However, at a value of 0.15, the p-value is still relatively large, and
so there is no clear evidence of a real association between
lagone
and direction
.
We use the coef()
function in order to access just the
coefficients for this fitted model. We can also use the
summary()
function to access particular aspects of the
fitted model, such as the \(p\)-values
for the coefficients.
coef(glm.fits)
## (Intercept) Lag1 Lag2 Lag3 Lag4 Lag5
## -0.126000257 -0.073073746 -0.042301344 0.011085108 0.009358938 0.010313068
## Volume
## 0.135440659
summary(glm.fits)$coef
## Estimate Std. Error z value Pr(>|z|)
## (Intercept) -0.126000257 0.24073574 -0.5233966 0.6006983
## Lag1 -0.073073746 0.05016739 -1.4565986 0.1452272
## Lag2 -0.042301344 0.05008605 -0.8445733 0.3983491
## Lag3 0.011085108 0.04993854 0.2219750 0.8243333
## Lag4 0.009358938 0.04997413 0.1872757 0.8514445
## Lag5 0.010313068 0.04951146 0.2082966 0.8349974
## Volume 0.135440659 0.15835970 0.8552723 0.3924004
summary(glm.fits)$coef[, 4]
## (Intercept) Lag1 Lag2 Lag3 Lag4 Lag5
## 0.6006983 0.1452272 0.3983491 0.8243333 0.8514445 0.8349974
## Volume
## 0.3924004
The predict()
function can be used to predict the
probability that the market will go up, given values of the predictors.
The type = "response"
option tells R
to output
probabilities of the form \(\mathbb{P}(Y=1|X)\), as opposed to other
information such as the logit. If no data set is supplied to the
predict()
function, then the probabilities are computed for
the training data that was used to fit the logistic regression model.
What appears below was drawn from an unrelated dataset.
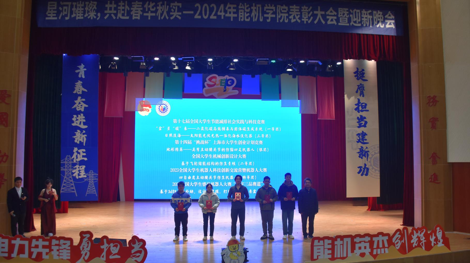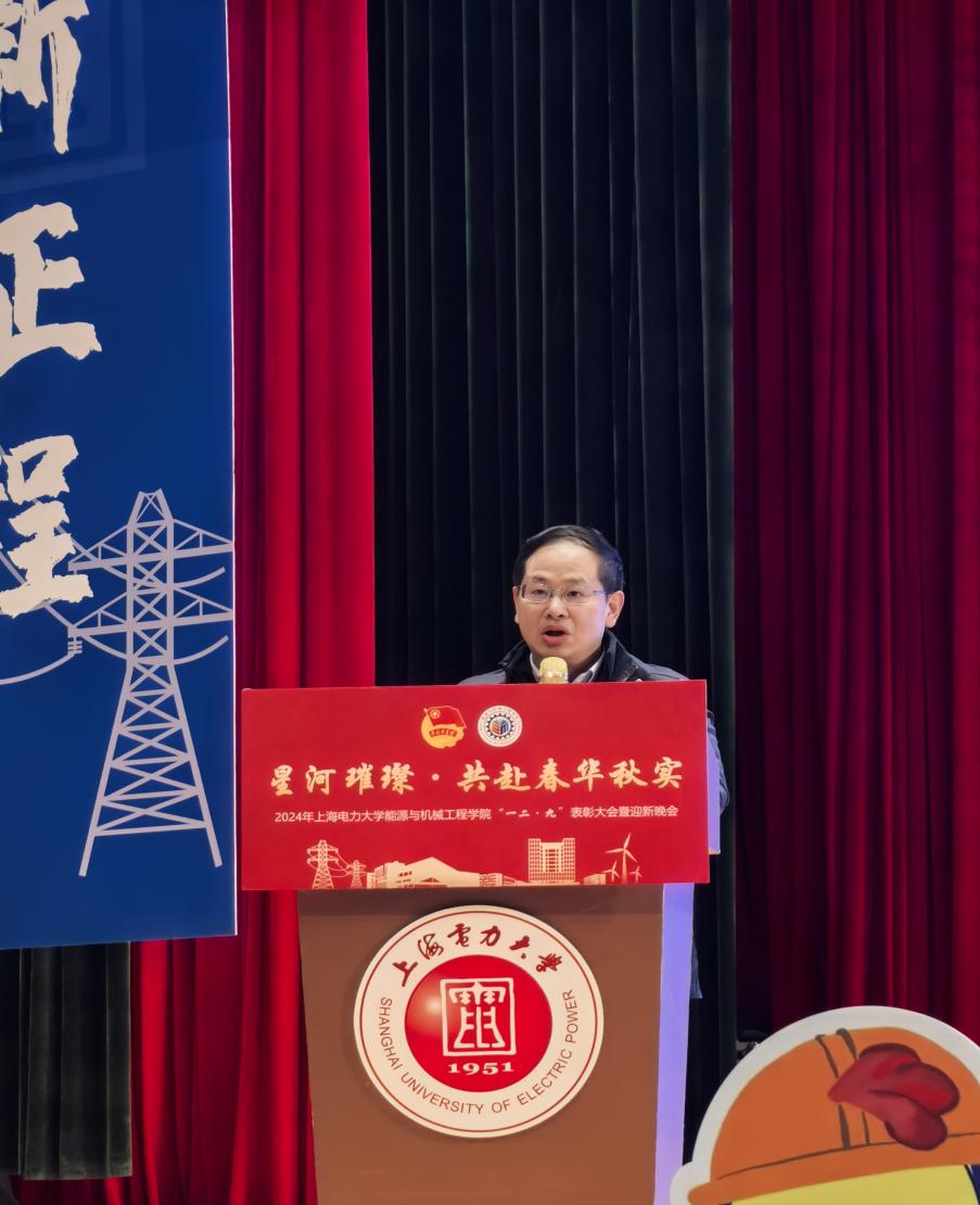 2024年12月13日下午13:30,tyc8722太阳集团“星河璀璨,共赴春华秋实”一二·九表彰大会暨迎新晚会在太阳官网临港校区大学生活动中心演艺厅隆重举行。能机学院院长朱群志、党委副书记周婷、副院长仇中柱、副院长陈乃超、团委书记韩林岑、全体辅导员以及学生代表出席。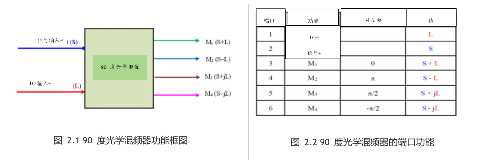 90度光学混频器的光学性能与前面章节描述的相同,只是输出准直器被单端光电探测器取代。

Here we have printed only the first ten probabilities. We know that
these values correspond to the probability of the market going up,
rather than down, because the contrasts()
function
indicates that R
has created a dummy variable with a 1 for
Up
.
glm.probs <- predict(glm.fits, type = "response")
glm.probs[1:10]
## 1 2 3 4 5 6 7 8
## 0.5070841 0.4814679 0.4811388 0.5152224 0.5107812 0.5069565 0.4926509 0.5092292
## 9 10
## 0.5176135 0.4888378
contrasts(Direction)
## Up
## Down 0
## Up 1
In order to make a prediction as to whether the market will go up or
down on a particular day, we must convert these predicted probabilities
into class labels, Up
or Down
. The following
two commands create a vector of class predictions based on whether the
predicted probability of a market increase is greater than or less than
0.5.
glm.pred <- rep("Down", 1250)
glm.pred[glm.probs > .5] = "Up"
The first command creates a vector of 1,250 Down
elements. The second line transforms to Up
all of the
elements for which the predicted probability of a market increase
exceeds 0.5. Given these predictions, the table()
function
can be used to produce a confusion matrix in order to determine how many
observations were correctly or incorrectly classified.
ConfusionMatrix = table(glm.pred, Direction); ConfusionMatrix
## Direction
## glm.pred Down Up
## Down 145 141
## Up 457 507
sum(diag(ConfusionMatrix)) / sum(ConfusionMatrix)
## [1] 0.5216
mean(glm.pred == Direction)
## [1] 0.5216
The diagonal elements of the confusion matrix indicate correct
predictions, while the off-diagonals represent incorrect predictions.
Hence our model correctly predicted that the market would go up on 507
days and that it would go down on 145 days, for a total of 507+145 = 652
correct predictions. The mean()
function can be used to
compute the fraction of days for which the prediction was correct. In
this case, logistic regression correctly predicted the movement of the
market 52.2% of the time.
At first glance, it appears that the logistic regression model is working a little better than random guessing. However, this result is misleading because we trained and tested the model on the same set of 1,250 observations. In other words, 100%-52.2%=47.8%, is the training error rate. As we have seen previously, the training error rate is often overly optimistic—it tends to underestimate the test error rate. In order to better assess the accuracy of the logistic regression model in this setting, we can fit the model using part of the data, and then examine how well it predicts the held out data. This will yield a more realistic error rate, in the sense that in practice we will be interested in our model’s performance not on the data that we used to fit the model, but rather on days in the future for which the market’s movements are unknown.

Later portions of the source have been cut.